How to handle a negative thought spiral
Ever had a reoccurring thought that ate away at you all day, driving you nuts? You think, “I shouldn’t have had that peanut butter straight from the jar. I didn’t even want it.” Or “I can’t believe I said that to him. What was I thinking?” And you replay the peanut butter indiscretion or communication break-down over and over again until another, just as obsessive thought like, ”Argh, why isn’t my stomach flatter?!?,” takes its place.
The other day I was on the phone with a client. She was reeling from an overeating Thai food debacle that started after an unpleasant interface with her boss. “All I wanted was recognition. Simple praise for a job well done but instead he hammered me on the ONE thing that wasn’t exactly perfect.” I could feel her worthiness had been shaken to the core. She continued on, telling me that after leaving his office her thoughts bounced to, “I should have done better”, “If I had only gotten that one thing right,” and finished off with, “I’m fat and disgusting. No wonder I’m still alone.”
Big jump, right? Actually no. When in the spiral of the negative thought replay, anything and everything is fair game. You are in despair mode which always makes room for any worry or neurosis that happens to brush across your brain. And, of course, what happens when you are in despair mode? You stop off at the market, pick up a carton of cookie-dough ice cream and park yourself in front of the fridge to see what needs polishing off before you hit the pint. Or, you may not eat a darn thing, deciding you were a bad girl who already over did it with the peanut butter so you restrict dinner to only lemon water and crawl into bed.

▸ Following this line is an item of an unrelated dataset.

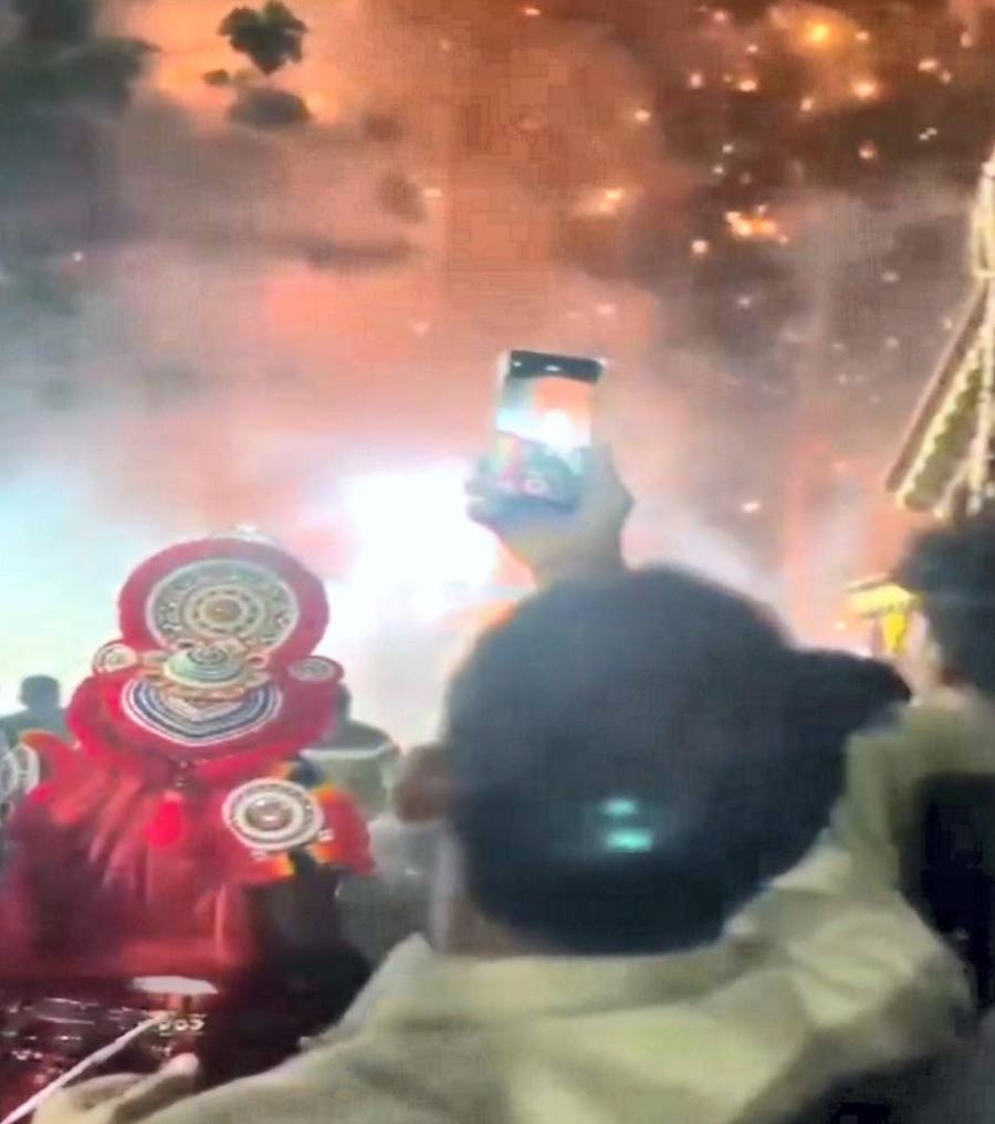 Hundreds of people were captivated by watching the auspicious Theyyam ritual at the Veerarkavu Temple in this northern district when a thundering explosion and a ball of fire shattered the serene atmosphere around midnight.

As my client and I talked more about her replaying thoughts and despair mode she admitted that she also struggled with feeling defeated. Seriously defeated. And as a driven, get-it-handled type of woman, she has this idea that defeat was not an option. Interesting however, the more she waged war on her feelings of defeat and imperfection, the more they ate away at her worthiness. And then she said something brilliant. “On the outside people see a competent, high-accomplished self starter, and on the inside I’m a mess. I struggle so much with feeling defeated. And I shouldn’t feel defeat or despair. I have a really good life. I should be grateful. Which makes me feel even worse!
EXACTLY! She hit the nail on the head. If perfection is the instigator of self-defeat, your shoulds are the driver. Shoulds control from fear and guilt, making you feel bad for anything and everything that’s not in perfect alignment with how you “should” be. By believing she had no right to experience defeat or despair, she inadvertently asked both to pull up a chair and stay for a while.
The only way to stop the replay of negative thoughts is to fully and honestly acknowledge them, then consciously choose another thought pattern.
By seeing your despair and honoring its existence, it has room to shift and make way for feelings of compassion and tenderness. The exact feelings you were looking for the entire time.
So how can you begin to acknowledge your feelings?
When you get into the despair replay cycle, ask yourself:
Where is this feeling in my body?
What is the sensation attached to the feeling?
If the feeling could speak, what would it say?
What would the feeling ask for to comfort and soothe it?
As you ask these questions, notice how the ice cap of judgment begins to melt leaving a ring of compassion.